И вообще, что может быть веселее, чем спроектировать будущее на бумаге. И приужахнуться, как говорится в народных сказках, когда некто, обремененный властью, начнет овеществлять твой проект. Сперва загонит тебя пинками в тобой придуманные стекло-бараки, потом начнет преображать землю дешевой силой твоих же рабочих рук.
«Мы живем всегда на виду, вечно омываемые светом… К тому же это облегчает тяжкий и высокий труд Хранителей».
Ф
Фантастика
Однажды Павел Крусанов, прочитав обо мне в какой-то заметке, удивленно меня спросил: «Да ты, оказывается, писатель-фантаст?».
«Конечно, — ответил я. — Какой русский писатель не любит писать фантастику?»
Я на самом деле слукавил. Потому что, по определению критика В. Владимирского, писатель-фантаст это такой писатель, который ничего не пишет, кроме фантастики. Я же пишу иногда и серьезные литературоведческие этюды на серьезные и важные темы. Например, о проблемах икрометания в водоемах России в целом и в поэзии Багрицкого в частности. Или сочиняю стихи о смерти.

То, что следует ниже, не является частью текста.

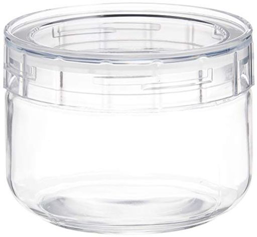 容量:600ml 本体サイズ:胴径11.5×高さ8.9×口径9.8cm 材質:本体/ソーダライムガラス フタ/PMMA=メタクリル樹脂(アクリル樹脂) パッキン/PE=ポリエチレン 使いやすさを考えた広口設計 透明で多彩に使いこなせるシンプルなデザイン 広口だから中身が出しやすく容器の底まできれいに洗えて衛生的

Что же до фантастики… Да, порою нападает такое вдохновенное состояние, когда, говоря стихами поэта-самоучки 20-х годов Н. Алексеевского:
В литературной фантастике у меня была хорошая школа. Мои фантастические учителя: 1) Г. Мартынов и 2) Б. Миловидов — оба, увы, покойники. Это лучшие два фантаста в мире.
Знаете, что такое бьеньетостанция? «Бьень» — на каллистянском языке означает «передача». «Ето» означает «волна». Если объединить их вместе, получается «волнопередающая станция».
Планету Каллисто открыл для меня писатель-фантаст Мартынов. Это планета моей мечты. Имя командира каллистянского корабля-шара для меня звучит слаще музыки Моцарта и Чайковского вместе взятых. Диегонь. Прислушайтесь к звукам этого волшебного имени. Поэт Хлебников за такое имя разбил бы доски всех в мире судеб и полжизни ходил лунатиком, пробуя каждый звук кончиком языка.
А мавзолей героев каллистянского народа — корабль на дне неземного моря с развевающимся зеленым знаменем? Это вам не конструктивистский пенал с трибунами по фасаду на Красной площади. Это романтично, как бригантина из песни на стихи Павла Когана.
Мартынова я в жизни не знал, только по книгам. Андрей Балабуха вспоминает, что он был абсолютно глухой и, выпивши в компании коллег по литературному цеху, обычно начинал поносить их шепотом, называя блядьми и прихвостнями и думая, что его не слышат.
Борю Миловидова я знал хорошо, у меня есть даже стихотворение Бориной памяти. Вот оно:
Нам вчера прислали из рук вон плохую весть…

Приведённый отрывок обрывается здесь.